Homemade soup is tasted, tweaked with spices, herbs, lemon juice, perhaps a splash of wine or, if it is a cream soup, of nutmeg or cayenne pepper, rested and cooled, strained, blended, re-heated, and even topped with crusty bread and melted cheese or a dollop of yogurt and chives. It probably never tastes exactly the same every time it is made, and that is also part of its appeal. It is hard to make soup in a hurry but once it is on the stove and simmering, you can go away and it will take care of itself. (Don’t go too far away though. When I was a young cook, I decided to make soup stock with marrow bones given to me by a butcher. I left home with the bones cooking in a large pot in a large amount of water. Hours later, when I returned, there was an inch of water left and the bones had turned to gelatin.)

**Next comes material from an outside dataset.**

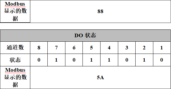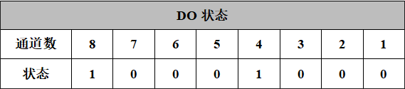 數(shù)字量輸出的狀態(tài)由一個(gè)字節(jié)來表示,通道8在高位,通道1在低位。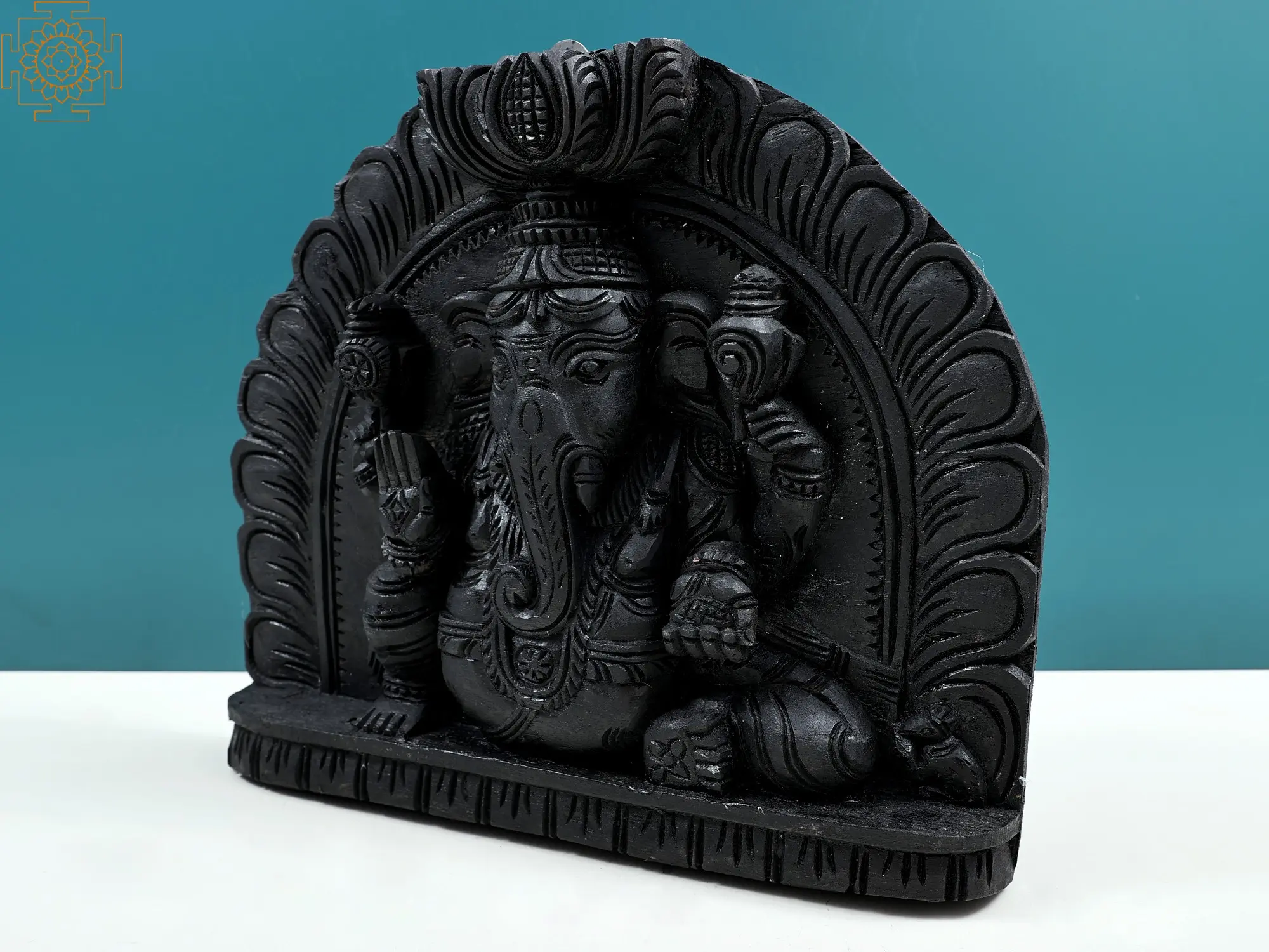 Each detail of this sculpture speaks to the skill of the artisan. The intricate carvings, from the ornate headdress to the flowing garments and the gentle curve of his trunk, showcase a deep understanding of Ganesha's iconography. The surrounding archway, intricately carved with floral motifs and radiating patterns, adds a sense of grandeur and frames the deity beautifully. This piece is not merely decorative; it is a testament to devotional artistry, crafted to inspire reverence and tranquility. Lord Ganesha's form itself is rich with symbolism. His elephant head represents wisdom, intellect, and strength. His large ears signify his ability to listen intently, while his small mouth suggests a temperance in speech. The large belly symbolizes his ability to digest all experiences, good and bad, with equanimity. This wooden rendition beautifully captures these symbolic attributes, inviting devotees to connect with the divine in a tangible way.

New Year’s brings a renewal and commitment to achieving a thinner, fitter, no longer sleep-deprived self. Soup should be part of the New Year’s healthier life- style objectives. So buy a pot, fill it with water, rummage around the refrigerator for those vegetables you never got around to eating, the chicken breasts still in the freezer, the handful of rice or pasta in the back of your pantry shelf, and that can of navy beans you bought because you wanted more fiber in your diet. While the water is heating, check the Internet for instructions on making a simple vegetable soup (you can leave out the chicken if you wish) and then start adding ingredients.

Enjoy. And Happy New Year preparations.